Öte yandan, Hisse Satış Sözleşmesi’nin 9.4. maddesinde “…İşletme Hakkı Devir Sözleşmesindeki hükümler saklı kalmak kaydıyla”, 22. maddesinin f bendinde “Alıcı ihale konusu hisseleri devir aldığı tarihten önceki döneme ilişkin olarak İşletme Hakkı Devir Sözleşmesindeki hükümler saklı kalmak kaydıyla…” hükümleri yer almaktadır. Anılan hükümler gözetildiğinde Hisse Satış Sözleşmesi karşısında İşletme Hakkı Devir Sözleşmesi’nin öncelikle uygulanacağı anlaşıldığından davalı vekilinin bu hususa yönelik itirazlarına Dairemizce itibar edilmemiştir.
Davalı vekilinin açılan davada ödeme tarihinden itibaren avans faizi uygulanamayacağına yönelik itirazına gelindiğinde, rücuen tazminat talebi, başkasına ait bir borcu yerine getiren kişinin mal varlığında meydana gelen kaybı gidermeye yönelik tazminat niteliğinde olup, davacının mal varlığındaki eksilme ödeme tarihinde gerçekleştiğinden ödeme gününden itibaren her iki tarafta tacir olduğundan avans faizi talep edebilir (Yargıtay 11. Hukuk Dairesinin 13/04/2016 tarih ve 2016/2239-2016/4044 E.-K. Sayılı emsal kararı).
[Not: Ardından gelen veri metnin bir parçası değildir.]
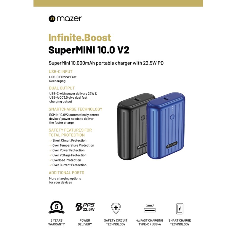 Giới thiệu Combo (Pin sạc dự phòng Mazer Power.Boost Supper Mini 10.0V2 - 10.000mAh + Cáp USB-C to Lightning Mazer ALU.DURA.TEK II

Buna göre ilk derece mahkemesinin kararında ödeme tarihinden itibaren avans faizine hükmedilmesinde bir isabetsizlik bulunmamaktadır.
İlk derece mahkemesince yapılan yargılama sonunda hüküm altına alınan miktar üzerinden hesaplanan harç ve vekalet ücretinde herhangi bir hata bulunmadığı gibi davacı tarafından yapılan ve dosya içerisinde belgeli olan giderler gözetilerek hüküm altına alınan yargılama gideri miktarında da herhangi bir isabetsizlik görülmemiştir.
Tüm bu nedenlerle ilk derece mahkemesinin davanın kısmen kabulü yönündeki kararında herhangi bir isabetsizlik görülmediğinden davalı vekilinin istinaf başvurusunun esastan reddine karar vermek gerekmiş ve takdiren aşağıdaki şekilde hüküm kurulmuştur.
HÜKÜM: Yukarıda açıklanan nedenlerle;
1-Davalı vekilinin istinaf başvurusunun HMK’nın 353/(1)-b.1 maddesi gereğince ESASTAN REDDİNE,
2-Alınması gerekli olan 103.778,23 TL istinaf karar harcından peşin alınan 25.944,55 TL harcın mahsubu ile bakiye 77.833,68 TL harcın davalıdan alınarak Hazineye gelir kaydına,
3-Davalı tarafından yapılan yargılama giderlerinin üzerinde bırakılmasına,
4-İstinaf incelemesi sırasında duruşma açılmadığından davacı yararına vekalet ücreti taktirine yer olmadığına,
Dosya üzerinde yapılan inceleme sonucunda HMK’nın 361. maddesi uyarınca gerekçeli kararın tebliğinden itibaren iki haftalık süre içerisinde Yargıtay’da temyiz kanun yolu açık olmak üzere oy birliği ile karar verildi. 14/04/2022
….

Bu belge 5070 sayılı Elektronik İmza Kanunu hükümlerine göre UYAP sistemi üzerinden elektronik imza ile imzalanmıştır.